I don't screen shot them, but might not be a bad idea. We have upfront fares here, so while it shows there was a surge in the trip history, it doesn't show the breakdown of surge pay or the surge multiplier. I just had to dispute a fare where they not only didn't pay me for the surge, but also paid me less than the base fare. Miraculously in 2 messages I nearly doubled my payout.


----------



## wk1102 (Dec 25, 2015)

Chauffeur_James said:


> So tonight I see a surge building close to me in the middle of nowhere so I head over and when it hits 2.4 I go online and almost instantly get pinged.
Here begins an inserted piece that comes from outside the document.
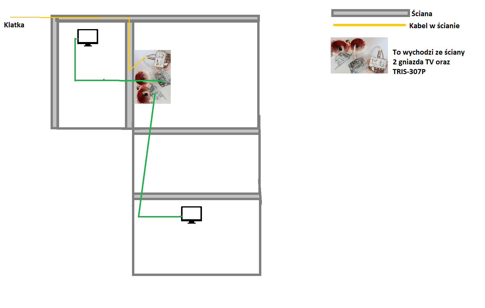 Obecną infrastruktura jest oznaczona kolorem pomarańczowym. Kabel idzie w podłodze do największego pokoju i tam jest skrzynka UPC, a w środku rozdzielacz tris-307p. Obok są dwa gniazda z napisem tv, ale nie wiem czy one są podłączone, oznaczone kolorem brązowym. Czy mogę przeciąć pomarańczowy przewód i pomiędzy włożyć 2 way splitter? Rozdzielenie byłoby wtedy jeszcze przed skrzynką upc( z podziałem na data i rtv).

It's for 2.0 but still good, so I accept.
> 
> Finish the ride which ended up being a 14 mile ride which was awesome. We are $.90 a mile here. Well after it processes for an hour I see I was only paid an extra $9 for the trip. For 2x this definitely can't be right.
> 
> ...


Yes I always do.... I've never had an issue with gettong paid the wrong surge rate though. I did have a request come with no surge even though it's was 2.5. I took a screen shot of the rates through the rider app before I moved. after the trip, which paid at regular rates, I did a fair review and they paid me, It only took one email I was surprised.


----------



## beezlewaxin (Feb 10, 2015)

There's no good reason for not doing a screenshot on surge trips, as there's plenty of opportunities to do so as long as the trip is in progress, even after you've accepted the ping.

-----

The button placement on my LG phone makes it tricky to do a screenshot, so I often can't screenshot the actual ping. But the surge multiplier is also displayed elsewhere in the app while the trip is in progress. It's on the screen you use for contacting the passenger, and it appears by their name and product choice (e.g. UberX, UberPOOL.)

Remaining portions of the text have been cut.